The Potty Manifesto and the Public Good

“A lot of the preschools allow or should be allowing for some accidents to be occurring,” he said. “To expect kids to be perfect and not have any accidents is certainly not realistic.” WP

So a three year old in the Arlington public schools was removed from her preschool for peeing her pants too much, and this has caused something of a hullabaloo in the regional DC news.

The thing is, the school system does allow some accidents to occur, up to 8 a month. Then the child must be suspended for a month to learn how to be potty trained so she doesn’t disrupt the class further. In my mind, the fault here is that the school system does not communicate this policy to the parents of each incoming class. The parents of the girl may have stepped up her training if they had known about the policy. As it was, the girl should have been waived for another month given the ignorance to the policy.

School systems have to make rules for disruptive students to ensure teachers’ attention aren’t focused too often on the disruption; balanced against a pretty lenient 8 pees/month rule, it’s better in my mind that the school has this rule. Yeah, it is frustrating that the disruption is an innocent girl who gets distracted and pees her pants too often, but it’s still a repetitive behavior that takes the teacher’s attention off the ridiculousness that is a room full of preschoolers.

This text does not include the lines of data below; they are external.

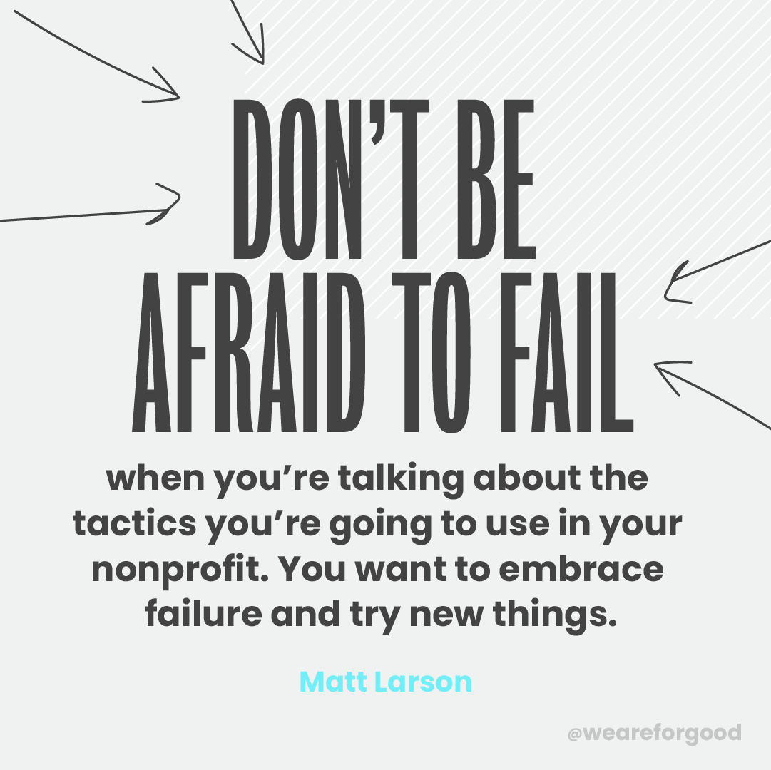 “Don’t be afraid to fail when you’re talking about the tactics you’re going to use in your nonprofit. You want to embrace failure and try new things.” -Matt
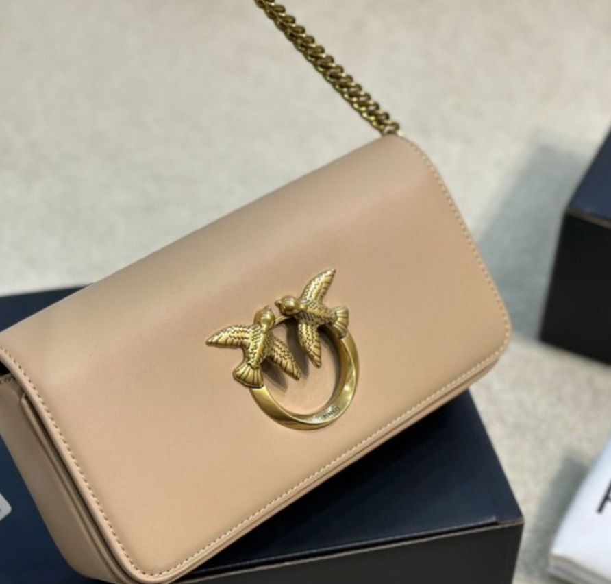 PINKO Classic love leather shoulder bag in nude
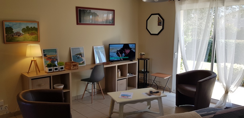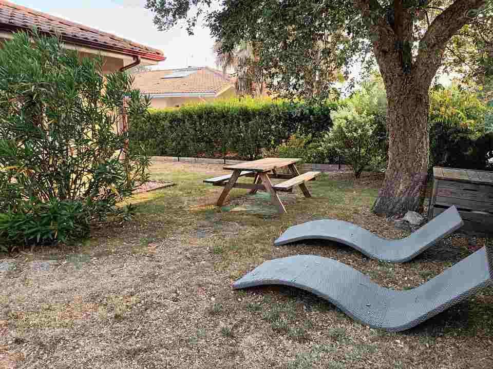 Bonito chalet adosado para 4 personas (6 máx.), situado junto al lago de Aureilhan. Jardín florido y sombreado. Aparcamiento privado. Cerca de carriles bici.
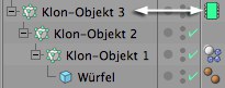 Gebackene MoGraph-Cache-Tags können auf andere klonerzeugende Objekte (kopiert/verschoben werden. Das ist ganz praktisch, wenn Sie eine Effektorwirkung oder eine MoDynamics-Simulation mit schneller zu berechnenden und darzustellenden Ersatzobjekten (z.B. simplen Würfeln) berechnen lassen, diese backen und das Tag dann einfach einem gleichartigen klonerzeugenden Objekt zuweisen, das dann das zu rendernde hochpolygonige Objekt enthält.
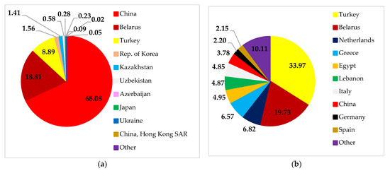 The role of Ukraine and Russia was seen to be significant in fulfilling Belarusian import demands for soybeans (Figure 11). More soybeans are imported into Belarus from Ukraine than from Russia. On the other hand, both countries’ contributions to fulfilling China’s and Turkey’s demands were less significant. Ukraine met the needs of 20.21% and 0.06%, while Russia met 2.17% and 0.69%, respectively.
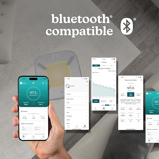 - The Homedics Scale Experience: Enjoy a high-resolution bright white LED display and seamless syncing via Bluetooth to our app, compatible with Apple Health, Google Fit, and Fitbit.
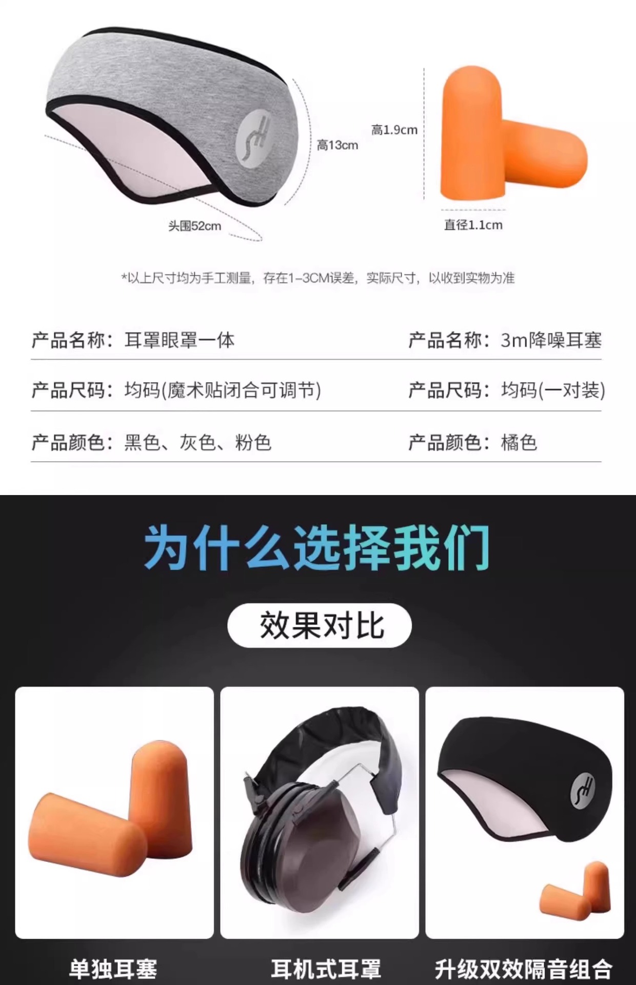 ブラックイヤーマフ+耳栓[強力遮音]-アップグレードモデル(サイズ:22.5*10.5cm)
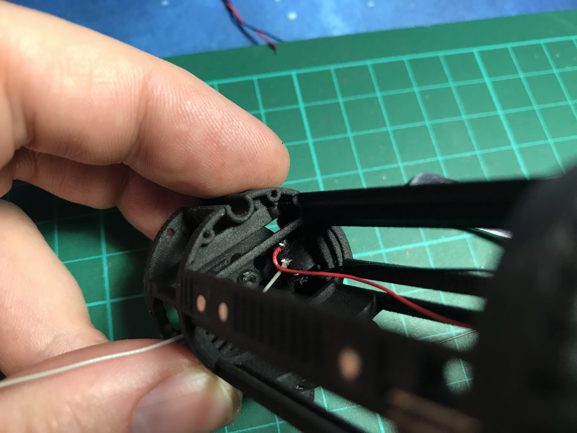 Step 8: Install the main led. 6 wires are soldered for the CF9, then use double tape thermal pad to secure the led into the blade holder. There is no need for a long length of wire here, but give a bit of margin to ease the install later.
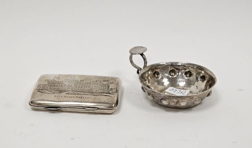 Late Victorian silver cigarette case with engraved decoration to the front depicting Government House, Pretoria, hallmarked Chester 1899 by Paton Pepper & Sons Ltd and a hallmarked silver porringer, gross weight 118g approx./3.8ozt (2)
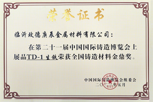 臨(lin) 沂玫德庚辰金屬材料有限公司展品“TD-1生鐵”榮獲全國鑄造材料金鼎獎。
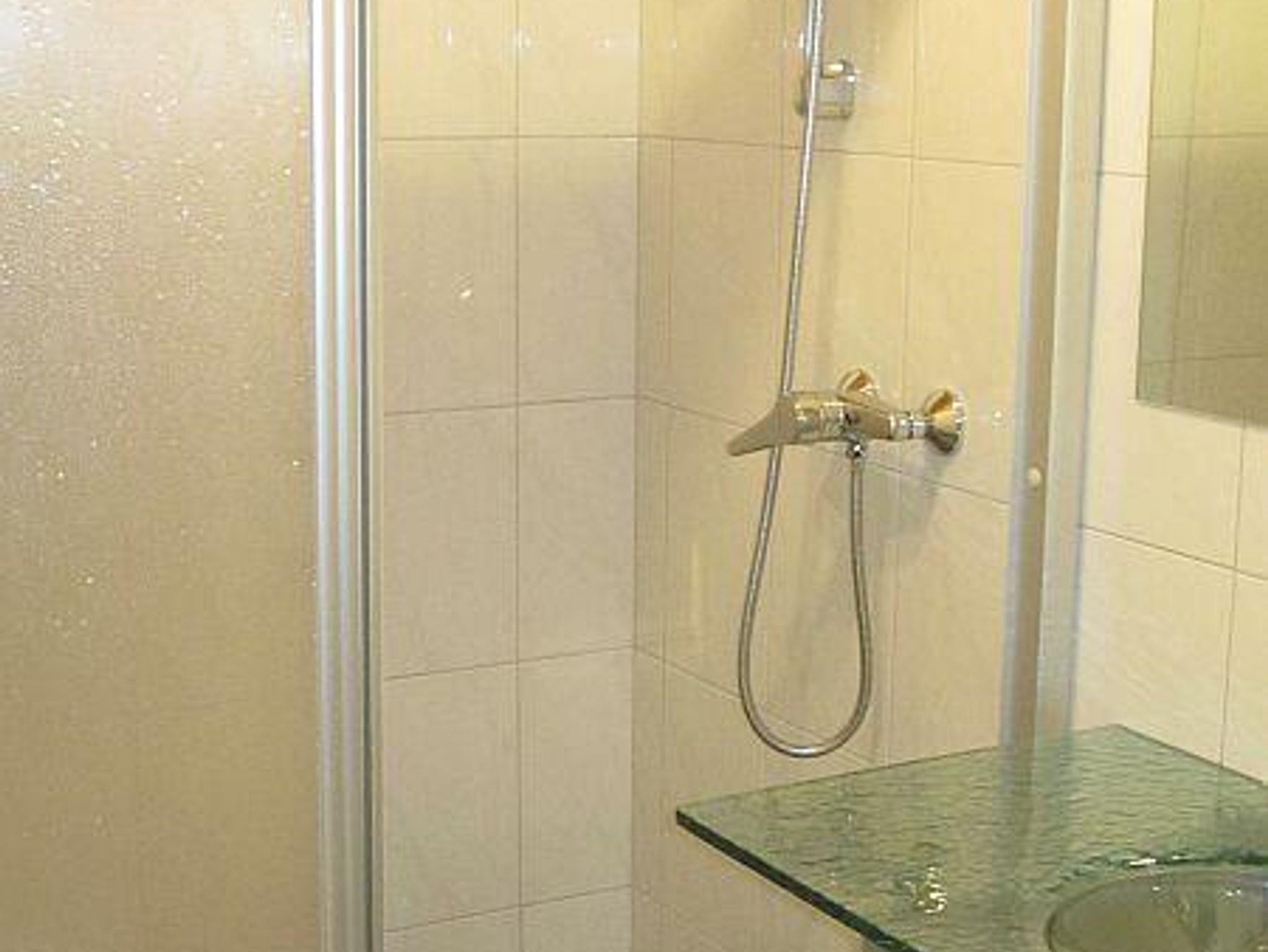 * Badezimmer mit Dusche, Waschbecken und Haartrockner
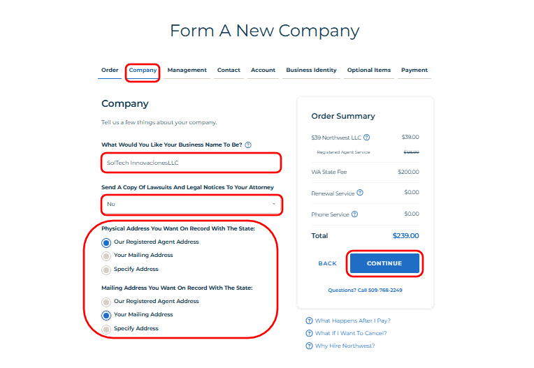 • Then choose Washington as the state where you want to form your company.
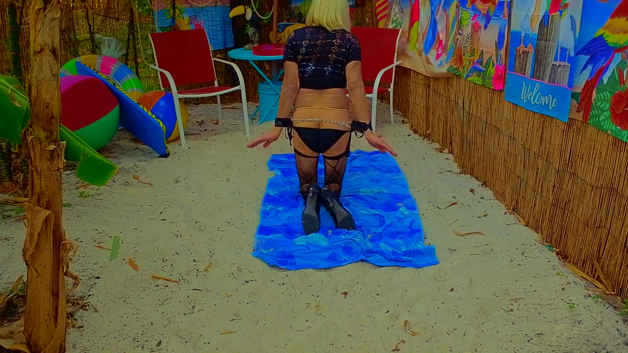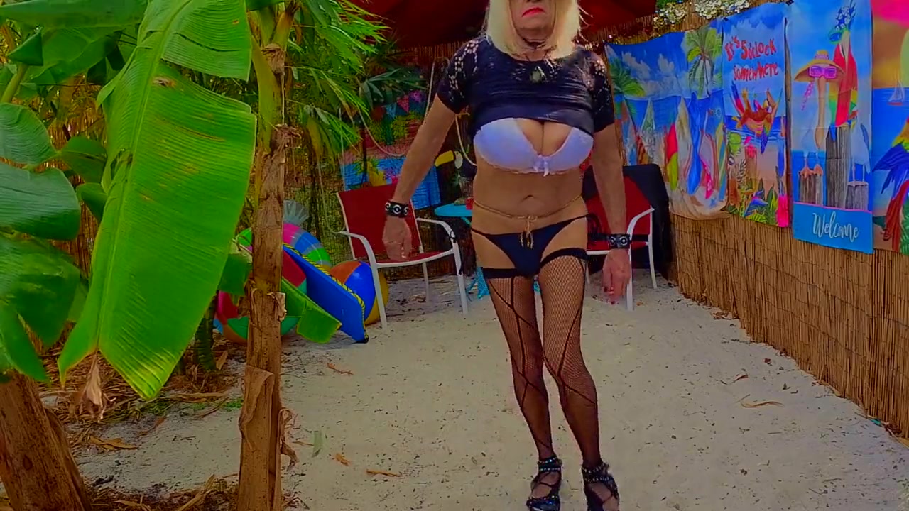 Little innocent CD crossdresser gurl modeling clothes at the motel beach bar... Don't you know she needs you to admire her new whore clothes ?
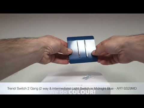 The Trendi Switch range of 2 gang 1 or 2 way & intermediate (also known as 3 way) rocker light switches comprise of a sleek chrome rocker switch on a "screwless" plate displaying the complete colour of the products. This is supported by a back frame that houses the screw holes & module for the product to be installed into compatible back boxes and wiring.
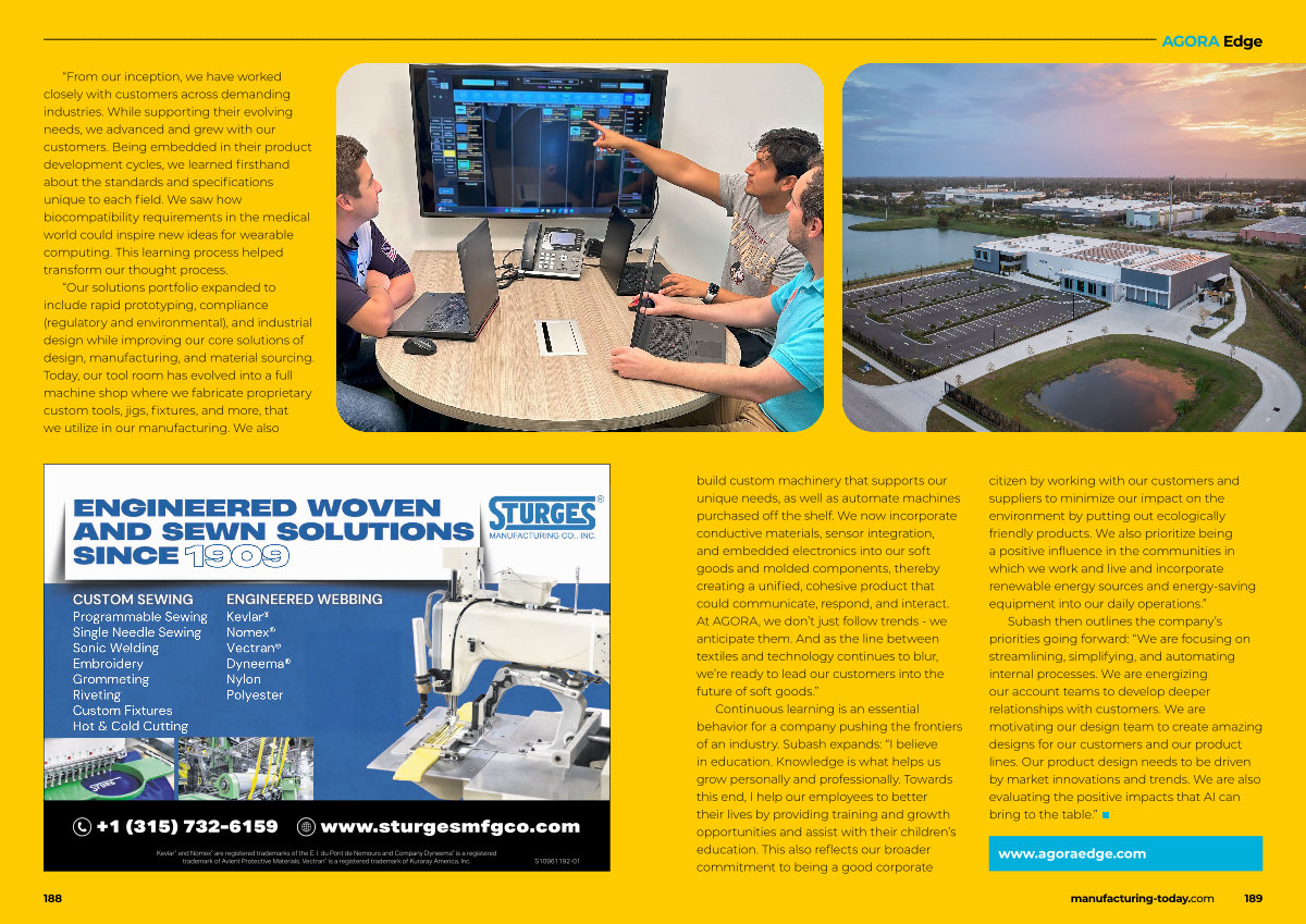 build custom machinery that supports our unique needs, as well as automate machines purchased off the shelf. We now incorporate conductive materials, sensor integration, and embedded electronics into our soft goods and molded components, thereby creating a unified, cohesive product that could communicate, respond, and interact. At AGORA, we don’ t just follow trends- we anticipate them. And as the line between textiles and technology continues to blur, we’ re ready to lead our customers into the future of soft goods.”

It’s a public good argument. The governing body (the school) has to set rules that aim at efficiently coordinating the individuals of the group so that the maximum number of individuals are provided equal opportunity. In this case, it’s making sure a teacher’s not so distracted by a constantly soiled pair of pants that the teacher doesn’t notice another preschooler is swallowing the head of a T-Rex toy he just tore off.